■ **Supplied data**
*-*-*
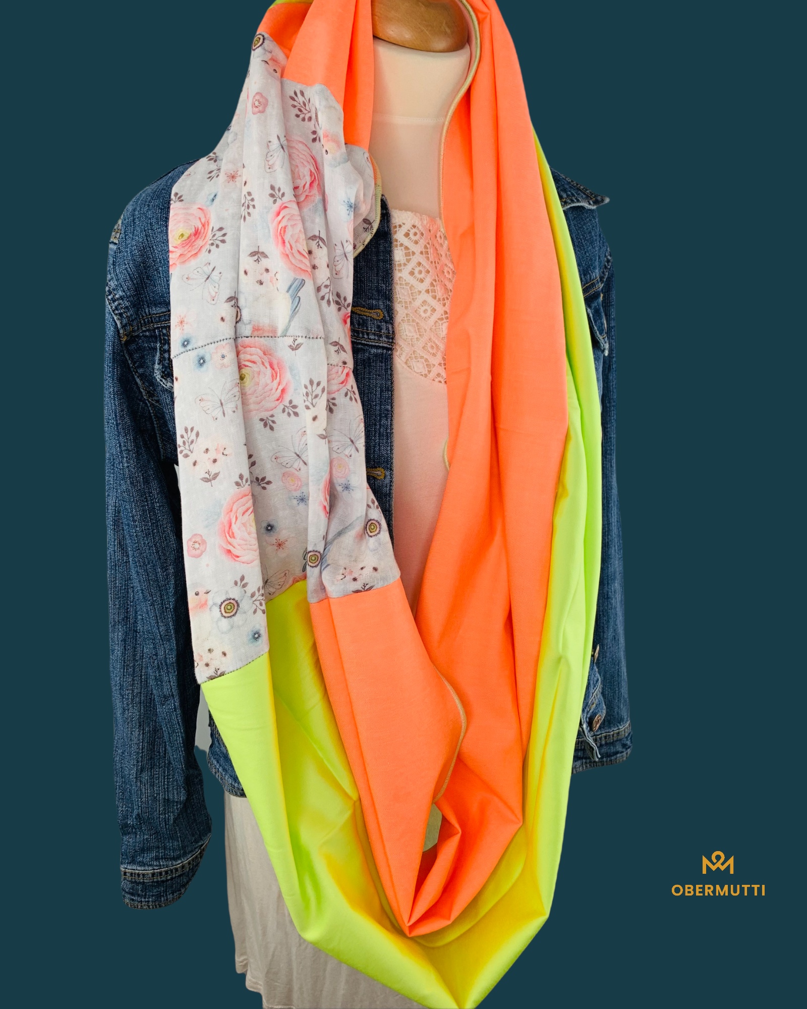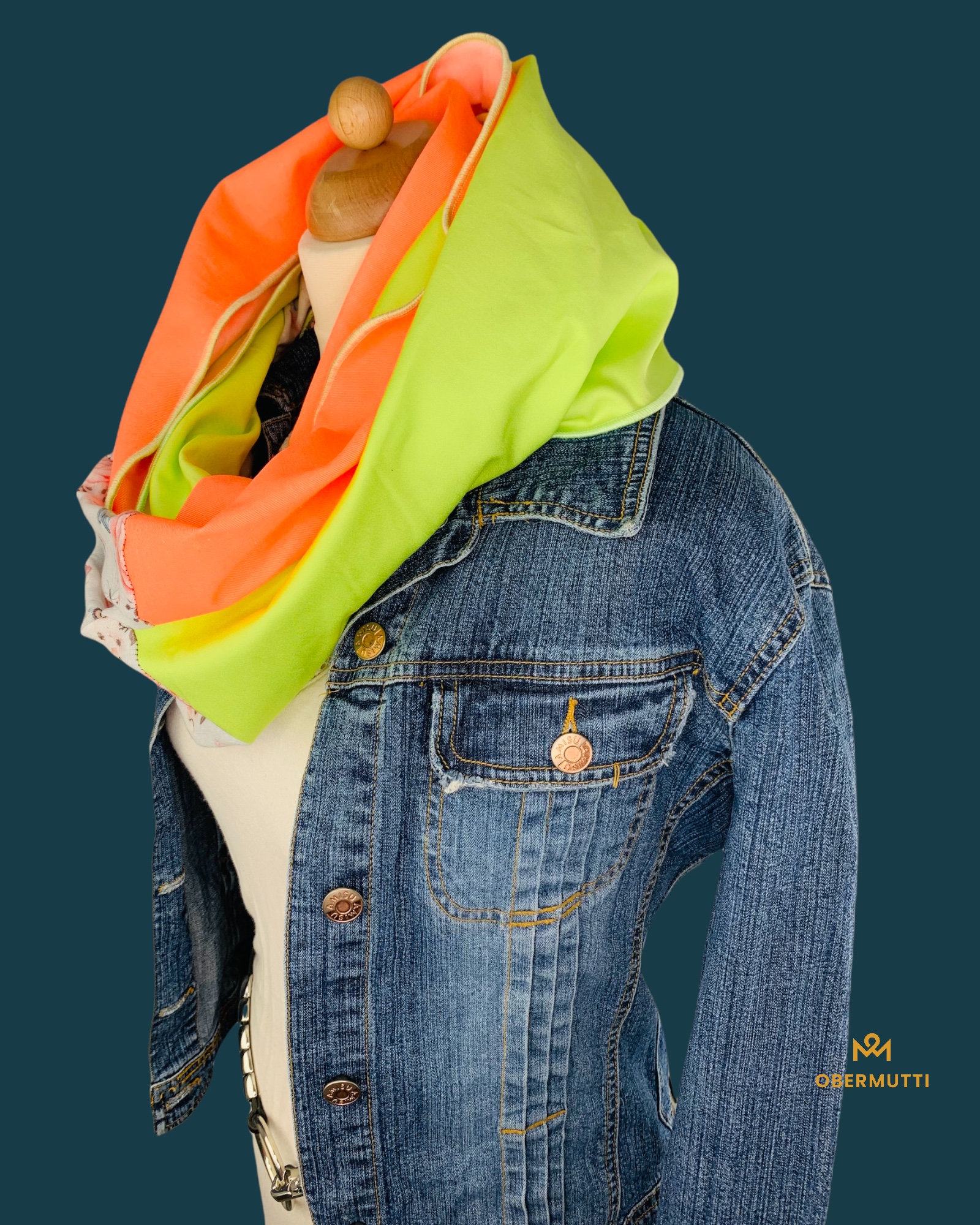 Das Logo OBERMUTTI besteht aus 50% Polyester und 50% recyceltem Polyester.
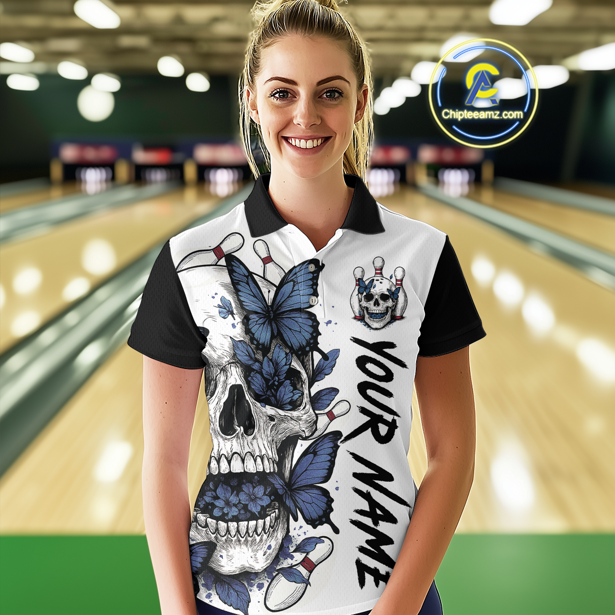 Blue Butterfly Skull Bowling Women Bowling Shirt Polo & Quarter-Zip Bowling Team Jerseys HNT80
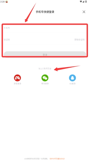 2、在登录页面,可选择手机验证码登录或微信等第三方账号绑定。
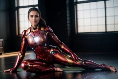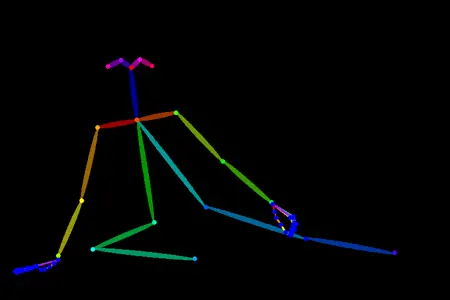 OpenPoseの骨格構造とプロンプト情報付きの例画像。
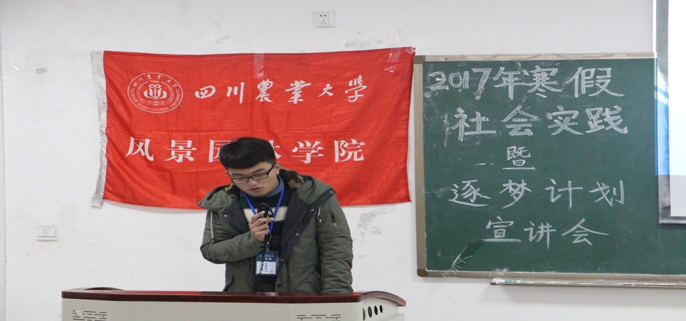 2016年12月20日中午12点半,作为“逐梦计划”省级优秀实习生,周啸天在宣讲会上对自己的逐梦之旅进行了分享与交流。首先,周啸天同学畅谈人生价值,鼓励大家多走出去尝试,多做自己认为有意义的事情。然后,他围绕着“学以致用,落到实处”的主题,向大家分享了在广安邻水袁市镇人民政府党政办实习时的经历。其中,周啸天对接受群众来访的工作做了重点描述,他说:“这些经历让我懂得了在群众工作中,群众事,无小事。要和广大群众打成一片,与群众交朋友,真心实意地为群众做好事、办实事、解难事。”整个分享过程中,他提到最多的就是基层工作的强度远比想象中的大。最后,虽然工作辛苦,但谈到实习收获,周啸天表示,这是属于他的人生价值。
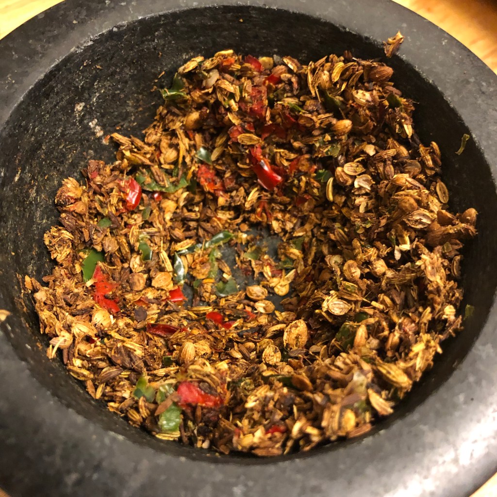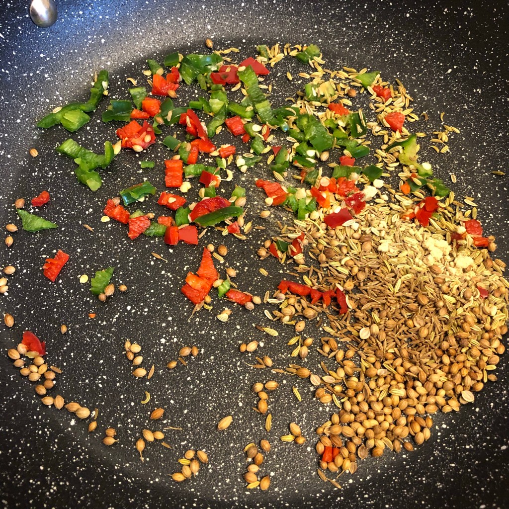 Take a dry pan and fry the green chillies with the whole spices. As the kitchen starts to smell fragrant and spices begin to toast remove them from the heat.
*-*-*
■ **What the task requires**
Output the lines above in full and exactly. Leave out every picture.

■ **Final answer**
 Das Logo OBERMUTTI besteht aus 50% Polyester und 50% recyceltem Polyester.
 Blue Butterfly Skull Bowling Women Bowling Shirt Polo & Quarter-Zip Bowling Team Jerseys HNT80
 2、在登录页面,可选择手机验证码登录或微信等第三方账号绑定。
 OpenPoseの骨格構造とプロンプト情報付きの例画像。
 2016年12月20日中午12点半,作为“逐梦计划”省级优秀实习生,周啸天在宣讲会上对自己的逐梦之旅进行了分享与交流。首先,周啸天同学畅谈人生价值,鼓励大家多走出去尝试,多做自己认为有意义的事情。然后,他围绕着“学以致用,落到实处”的主题,向大家分享了在广安邻水袁市镇人民政府党政办实习时的经历。其中,周啸天对接受群众来访的工作做了重点描述,他说:“这些经历让我懂得了在群众工作中,群众事,无小事。要和广大群众打成一片,与群众交朋友,真心实意地为群众做好事、办实事、解难事。”整个分享过程中,他提到最多的就是基层工作的强度远比想象中的大。最后,虽然工作辛苦,但谈到实习收获,周啸天表示,这是属于他的人生价值。
 Take a dry pan and fry the green chillies with the whole spices. As the kitchen starts to smell fragrant and spices begin to toast remove them from the heat.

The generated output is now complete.